According to data obtained by the Electronic Privacy Information Center, the FISC has approved over 33,000 FISA applications since 1979 and rejected only 11. As the judges on the FISC rotate on and off the court every few years, the ability of the court to maintain a genuine institutional memory and expertise on these issues is compromised. Part of the solution would be for Congress to mandate permanent, independent "special masters" for the FISC.

There is precedent for drawing upon specialized experts to make such weighty determinations. In the Microsoft anti-trust case in the 1990s, for instance, Judge Thomas Pennfield Jackson utilized "special masters" with deep knowledge of computer software. In the complex field of medical malpractice, advocacy groups have supported the creation of special courts staffed by medically trained judges.

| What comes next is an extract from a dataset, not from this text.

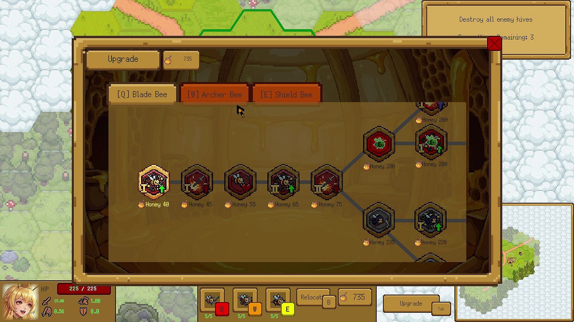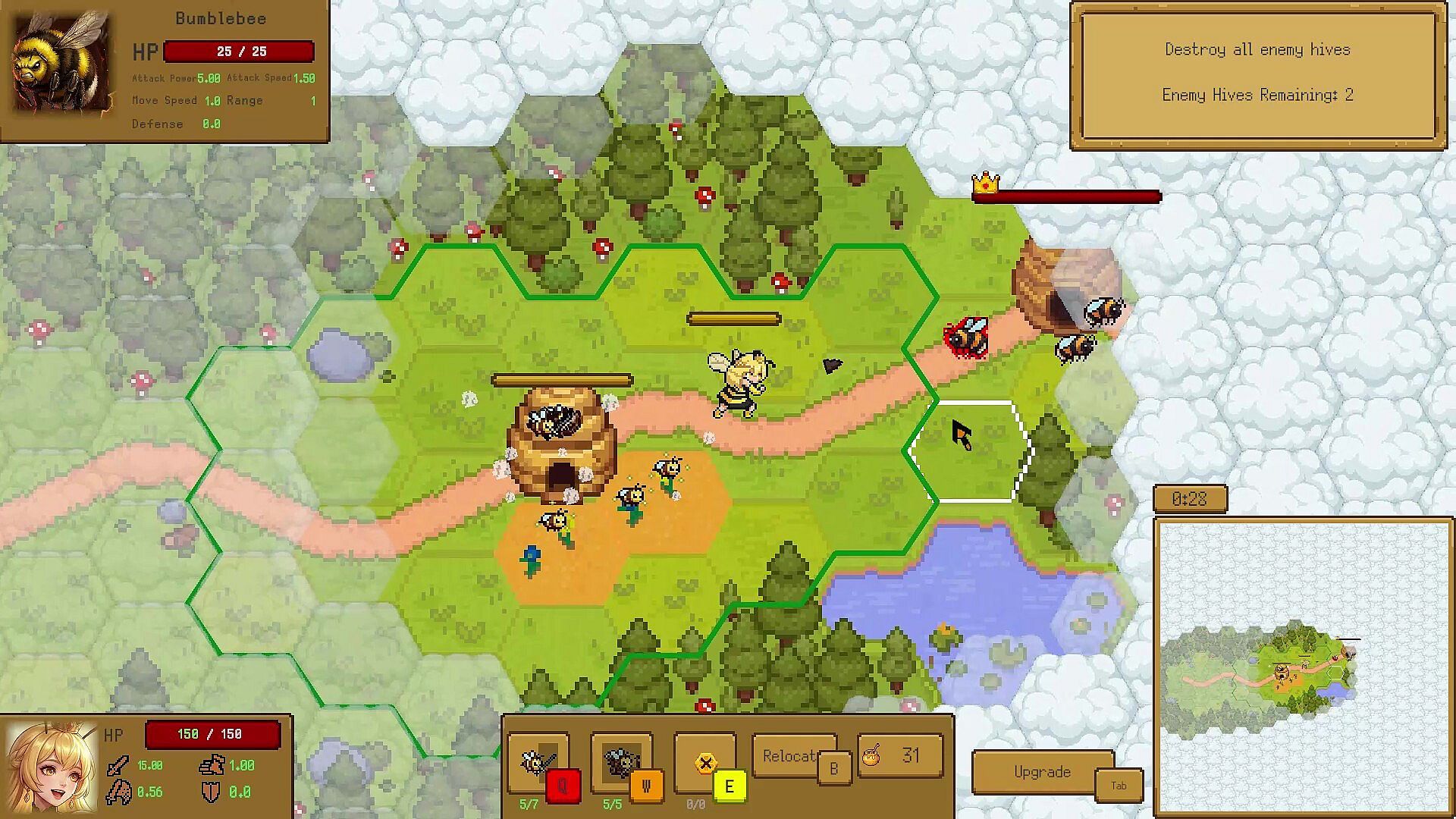 Snatch honey right from under the enemy's nose to evolve your swarm. Reinforce carapaces and sharpen stingers to move your hive toward more dangerous, yet bountiful meadows.

We should also consider modifying the statute governing the FISC to ensure judges assigned to it serve for longer terms (say ten years vice the current seven) and that they can be reappointed to the FISC at a subsequent date. Additionally, we should change the law to allow the Government Accountability Office to audit surveillance programs. Finally, Congress should prohibit any attempts to place limits on the ability of American citizens to encrypt their private communications and data, or to require companies in the electronics or telecommunications business from building in "back door" mechanisms to disable encryption used by American citizens.

If federal authorities want to see the data of an American citizen, they should be forced to come through the front door -- and only with a court order based on probable cause, as our Founders intended.

Rep. Rush Holt (D-NJ) represents New Jersey's 12th Congressional District. He is a former member of the House Permanent Select Committee on Intelligence and the former chairman of the House Select Intelligence Oversight Panel.